Personal information
- Born: 19 March 1939
- Died: 27 August 2006 (aged 67)
- Occupations: Jockey, Trainer

Horse racing career
- Sport: Horse racing

Racing awards
- British jump racing Champion Trainer (1993–94, 1994–95)

Honours
- David Nicholson Mares' Hurdle

Significant horses
- Mill House, Charter Party, Barton Bank, Viking Flagship, Anzum, Waterloo Boy.

= David Nicholson (horse racing) =

British jockey and trainer (1939–2006)

David Nicholson (19 March 1939 – 27 August 2006) was a British National Hunt jockey and trainer. He was British jump racing Champion Trainer in the 1993–94 and 1994–95 seasons.

==Family and early life==
Nicholson was born at Epsom in 1939. His father Frenchie Nicholson, was also a successful jockey and National Hunt trainer. Nicholson's mother, Diana, was the great-granddaughter of William Holman, who trained three Grand National winners. He went to Haileybury College but was mainly educated for a horse racing career in his father's stable. As a young lad Nicholson was nicknamed 'The Duke' by other stable staff because of his manner and his inability to carry out menial work at the stable due to asthma and allergies. The nickname remained with him throughout his life

==Horse racing career==
Nicholson began as a flat racing jockey from the age of 12 but switched to National Hunt racing where his 6-foot height was better suited to the heavier weights carried by National Hunt jockeys. As a jockey he rode 583 winners over jumps between 1955 and 1974 and came third in the jockeys' championship in the 1964–65 season. His biggest win came in the Whitbread Gold Cup on Mill House in 1967. He rode the winner of the Welsh Grand National three years in succession from 1959 to 1961, and won four Cheltenham Festival races as a jockey.

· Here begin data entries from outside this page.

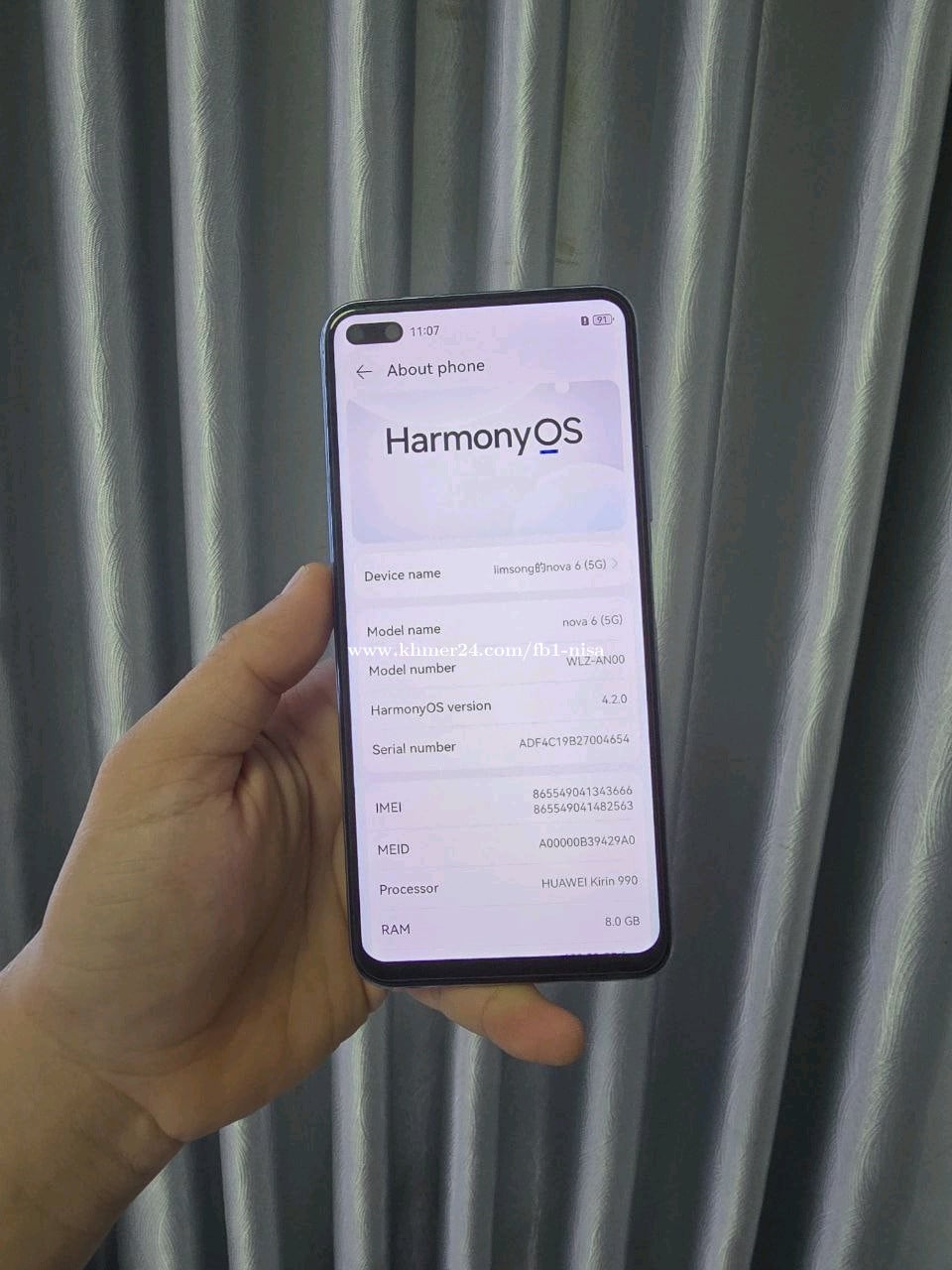 Huawei Nova6 5G Sim2 នៅស្អាត98% ថ្មកាន់អេក្រង់ច្បាស់ល្អសេវ៉ាខ្លាំង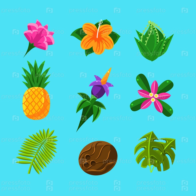 Тропические растения и фрукты набор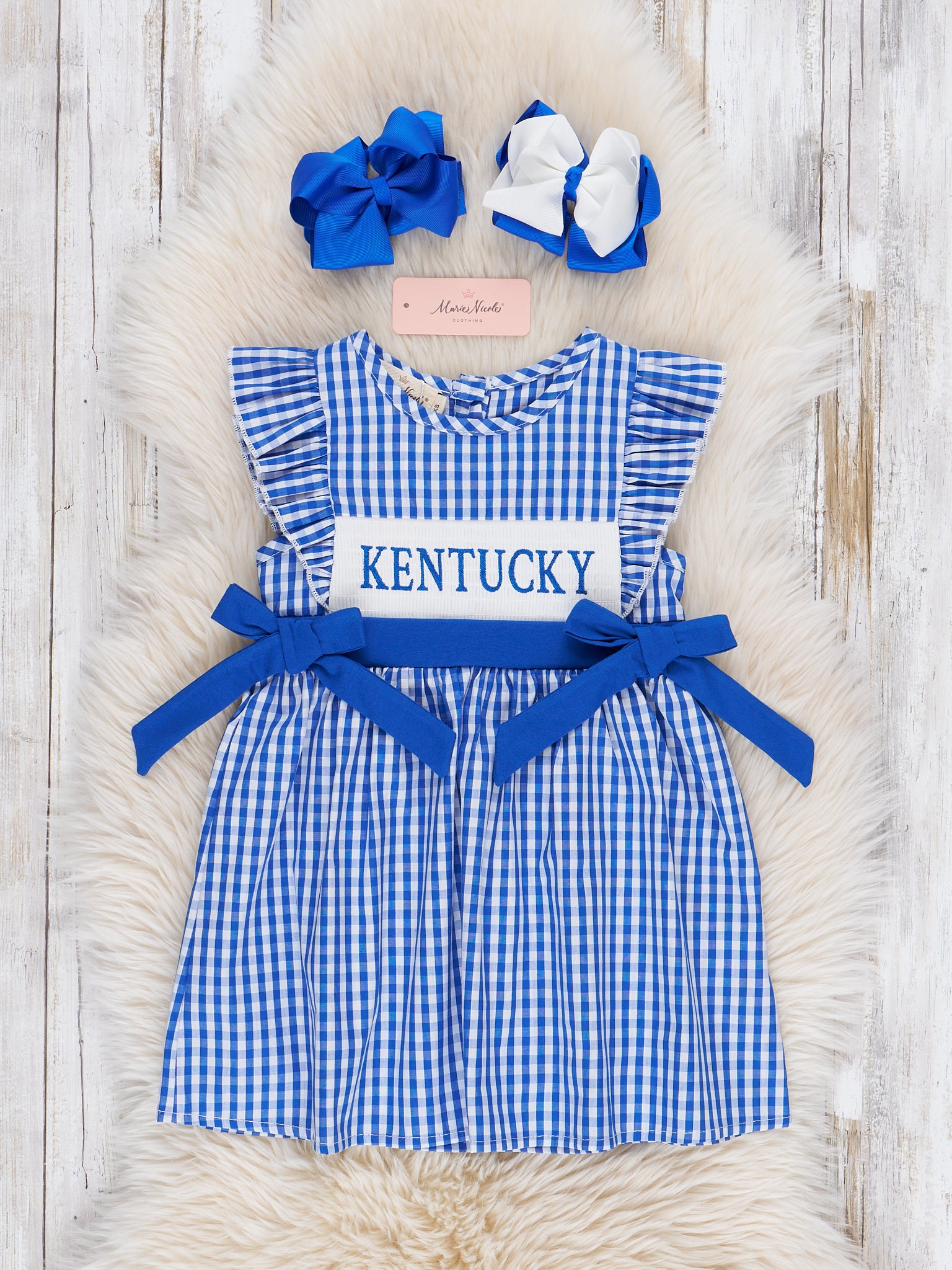The Kentucky Smocked Gingham Dress is a darling combination of Southern charm and team spirit. Featuring a classic blue and white gingham pattern, sweet ruffle sleeves, and a smocked panel embroidered with “Kentucky” this dress from Marie Nicole Clothing is perfect for game days, family gatherings, or sunny day adventures. Finished with bold blue waist ties for a polished look, it’s a spirited style your little fan will love to twirl in.

Nicholson began training racehorses in 1968 while still a jockey. He was initially based at Condicote and had his first success when Arctic Coral won at Warwick in January 1969. He moved to a new stable, Jackdaws Castle, in 1992 after the failure of his business at Condicote. He continued to train there until his retirement in November 1999.

As a trainer he was one of the leading trainers in National Hunt racing during the 1980s and 1990s. He won the Cheltenham Gold Cup with Charter Party in 1988, the King George VI Chase with Barton Bank in 1993 and the Queen Mother Champion Chase with Viking Flagship in 1994 and 1995. He retired in 1999.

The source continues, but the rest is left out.